JVMPI_EVENT_MONITOR_DUMP                    x
JVMPI_EVENT_MONITOR_WAIT                    y

JVMPI_EVENT_OBJECT_ALLOC                    o
JVMPI_EVENT_OBJECT_DUMP                     p
JVMPI_EVENT_OBJECT_FREE                     O
JVMPI_EVENT_OBJECT_MOVE                     P


JVMPI_EVENT_THREAD_END                      T
JVMPI_EVENT_THREAD_START                    t


This is a list of all JVMPI Events, along with the mapping to a character which we can use to tell the agent to record the corresponding event. Say we want to record the Class Load events and the Method Entry Events. These correspond to 'c' and 'b', respectively. Therefore, we would type the following to invoke the agent:
$ java -XrunAdaptJ:events=cb AdaptJTest

This should be relatively fast. The output of the AdaptJ agent is reproduced below:
AdaptJ Agent Warning> No file name specified, using default: "AdaptJ.dat"
AdaptJ Agent> JVMPI_EVENT_CLASS_LOAD enabled
AdaptJ Agent> Initialization completed
AdaptJ rocks!
AdaptJ Agent> Done

First, the agent tells you that you have not specified a file name, so it will output the event trace to 'AdaptJ.dat'. We are OK with this, so it does not matter for now. Then, it tells you that it has asked the JVM to send it the events you requested, and that it encountered no problem will doing so. Finally, you see the normal output of the program, followed by the last agent message, telling you that the agent has terminated normally.
To learn more about the information that is available for each event, the JVMPI documentation is a very valuable reference (see A quick look at it will reveal that while the Method Entry event is a very simple event (it has only a single field: the jvmpi ID of the method being entered), the Class Load event is much more complex. It comprises 9 different fields, not all of which may be of interest to a given user:
The name of class being loaded.
The name of source file that defines the class.
The number of interfaces implemented by this class.
The methods defined in the class.
The number of static fields defined in this class.
The static fields defined in the class.
The number of instance fields defined in this class.
The instance fields defined in the class.
The JVMPI class object ID.
The quick way of selecting events that we have seen so far will record all of the information for each of the selected events. While this coarse-grained selection of the recorded information may be useful, it is only rarely necessary. The major disadvantage of the technique has to do with the size of the resulting trace files. They can grow very quickly and end up in the range of the gigabytes for relatively small programs, depending on which events are selected (especially the Instruction Start event).
The AdaptJ Agent allows a more fine-grained control over the selection of the recorded information by allowing a selection of the individual fields which make up an event. This is achieved via the use of an AdaptJ Event Specification file, an example of which is reproduced below:
default: no;

event ClassLoad {
    recorded: yes;
    class_name: yes;
    methods: yes;
    class_id: yes;

event MethodEntry {
    recorded: yes;
    method_id: yes;

This file specifies that only the Class Load and Method Entry events should be recorded, as in the previous case. However, this time we explicitly state that we are only interested in the class_name, methods and class_id fields of the Class Load event. In order to be usable with the AdaptJ agent, this file has to be compiled to a compact binary representation of it, which is then included in the trace file so that the program reading it will know which information is available (In the previous case, the trace file also contained this binary specification, but it was generated automatically by the agent based on the selected events). Compiling the specification file is done with the adaptj.spec.Compiler program. Say we saved this file under the name AgentDemo.adaptj, then we would invoke the compiler by typing:
$ java adaptj.spec.Compiler AgentDemo.adaptj AgentDemo.spec

The resulting compiled file is output to AgentDemo.spec. It can then be used with the agent by specifying in the following way:
$ java -XrunAdaptJ:specFile=AgentDemo.spec AdaptJTest

which should execute the same way as before.
In the next section, we will look at how to analyze the trace files that the agent generates.
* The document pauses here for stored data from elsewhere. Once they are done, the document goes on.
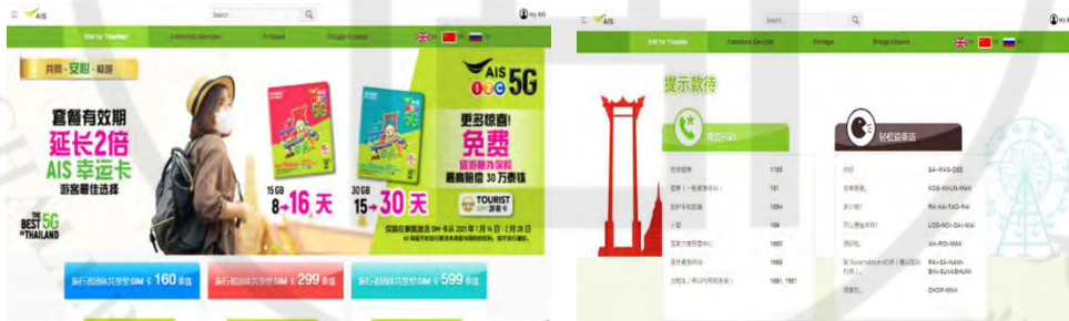
图 1-5 在泰国 AIS 移动通讯的网站

AIS 公司的中文网站上为中国游客提供了有关电话卡的信息,上网后可以选择英语,俄语和中文。如果选择中文,则所有信息都显示中文。在中文网站的内容中包含关于互联网速度的信息、套餐价格、优惠、SIM 卡注册方法和微信充值方法等。在 AIS 网站上显示各种服务费。例如电话费、网上费、发短信和回国电话等,以及在网站页面上还显示泰国的紧急电话号码,以便在紧急情况时通知中国游客。网站上还有简短的泰语词汇,帮助来泰国中国游客使用。
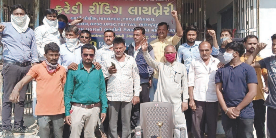
સમયસર પહોંચતું ન હોય ત્યાં યુવાનો સ્પર્ધાત્મક પરીક્ષાઓ માટે યુવાનો-યુવતીઓ માટે લોક સહયોગથી કુદરતી વાતાવરણના થીમ આધારિત ફરેડી રીડિંગ લાયબ્રેરી ખુલ્લી મુકવામાં આવતા સ્પર્ધાત્મક પરીક્ષાની તૈયારી કરતા યુવાન-યુવતીઓમાં આનંદ છવાયો હતો, ગ્રામજનોએ યુવકોની સરાહના કરી હતી. યુવાન એટલે બોલેલું ધારેલું કરવાની શક્તિ જેનામાં રહેલી છે તે યુવાન. કહેવાય છે કે મન હોય તો માળવે જવાય આ કહેવતને સાધક કરતા અરવલ્લી જિલ્લાના મોડાસા તાલુકાના ફરેડી ગામના સરકારી અને ખાનગી શેત્રે નોકરી રાજ્યના વિવિધ દેશોએ નોકરી કરતા યુવાનો લોકડાઉનમાં વનવમાં પહોંચ્યા પછી ગામના વિકાસ અને સમસ્યાઓ માટે ગામના યુવાનો, આગેવાનો અને વડીલોનું "મારું ફરેડી વિકાસશીલ" નામનું વોટસએપ ગ્રુપ બનાવ્યા બાદ દરેક સમાજના ગ્રામજનોને સાથે રાખીને સંકલન કરી વિકાસશીલ કાર્યોની, ગામની સમસ્યાઓ અને ગામના યુવાનો ભવિષ્યમાં આગળ વધવા શું જરૂરિયાત છે તે વિષય પર

મોડાસા, તા. ૮ સોશ્યલ મીડિયાના માધ્યમથી ફરેડી ગામના યુવાનો સૌપ્રથમ એક બીજા સાથે જોડાયા પછી ગામના વિકાસ માટે યુવાનોને સમગ્ર ગામનો સહયોગ મળ્યો, ગ્રામ્ય વિસ્તારોમાં છાપું પછાત
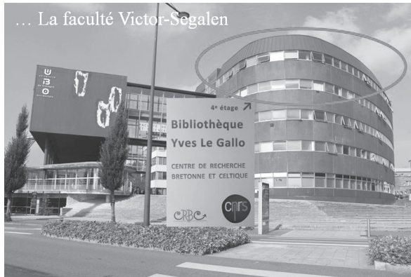
Centre de recherche bretonne et celtique. Faculté Victor-Segalen Université de Bretagne occidentale, Brest

maquereau de dérive). 3 » On retrouve là, sous la terminologie hésitante d'un non-initié, l'ambition qui guide Jean-Michel Guilcher : il s'agit de collecter de toute urgence ce qui relève encore de la « civilisation traditionnelle » en Bretagne, ceci en s'en enquérant auprès des derniers dépositaires d'une certaine manière d'être au monde, qui n'a plus cours depuis 1914 mais qui survit dans les mémoires de ceux ayant connu cette époque.
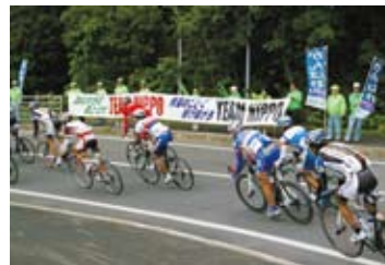
ツールド北海道へ協賛・参戦

は、旭川市をスタートして5日間で延べ705kmを走破し、当社チームは団体総合6位の成績を収めました。2008年には、当社の長年の運営協力に対し、財団法人ツールド・北海道協会より感謝状をいただきました。このほか、ツアーオブ・ジャパン、ジャパンカップサイクルロードレース等、シーズンを通じて数々の大会へも参戦し、自転車競技の振興をお手伝いしています。
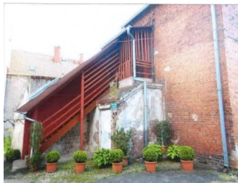
Widok części elewacji budynku z wejściem do lokalu.
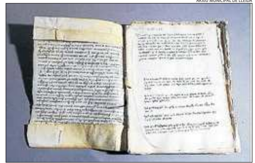
Un dels volums del 'Llibre de crims' ja restaurat.
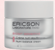
舒敏抗炎滋養霜 NUTRI-BALANCE CREAM E1183 / 50ml

質感輕盈，蘊含菸鹼醯胺和人參萃取。集舒緩、抗氧化和保濕三效合一，能促進肌膚微生物群平衡。
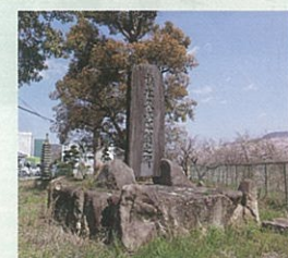
橋本久太郎翁の碑

4  Analyzing Trace Data using AdaptJ Trace Analyzer

The AdaptJ Trace Analyzer is able to read the trace file generated by the agent and apply a sequence of operations to it. It is designed to minimize the amount of time and effort required to implement new analyses.

4.1  Overview

The mechanism that occurs behind the scenes in the analyzer is rather simple: as events are read from the trace, they are successively passed to a sequence of chained operations. In the simplest cases, these operations will only want to monitor the occurrence of the event and perform some computation. However, AdaptJ also allows each operation to modify the contents of an event or to replace it completely a different event. It also allows an operation to stop the processing chain, forcing the next event to be read from the trace and make its way through the chain starting from the beginning. In effect, this allows an operation to act as a filter for the subsequent operations in the chain. This level of flexibility is required in order to let operations provide services to other operations in the chain.
For example, the InstructionResolver operation adds information about the bytecode corresponding to an Instruction Start event, and thus modifies the content of the actual event object. The EventDistiller operation is able to filter out some events based on their associated class name by stopping the processing chain once it determines that an event should be excluded. The IDResolver operation is a very important operation that executes very early in the processing chain, which has as primary function to keep track of internal identifiers used by the JVMPI, and provides some utility functions for other operations to access this information.
In order to help organize the various operations and to facilitate their configuration, AdaptJ allows arbitrary groupings of operations under Packs. Packs are simply containers that can contain both other packs and operations. This allows the creation of a pack/operation hierarchy within the framework. The order in which operations are executed is determined from this hierarchical organization of the operations, and corresponds to a order in which the operations appear during a standard traversal of the tree.
Each pack/operation has a unique fully-qualified name, which is simply the concatenation of all parent packs of this pack/operation, followed by the name of the pack/operation, all separated by dots. So operation init.prn contained in the pack called init (which is itself a direct dependent of the root pack), and is named prn.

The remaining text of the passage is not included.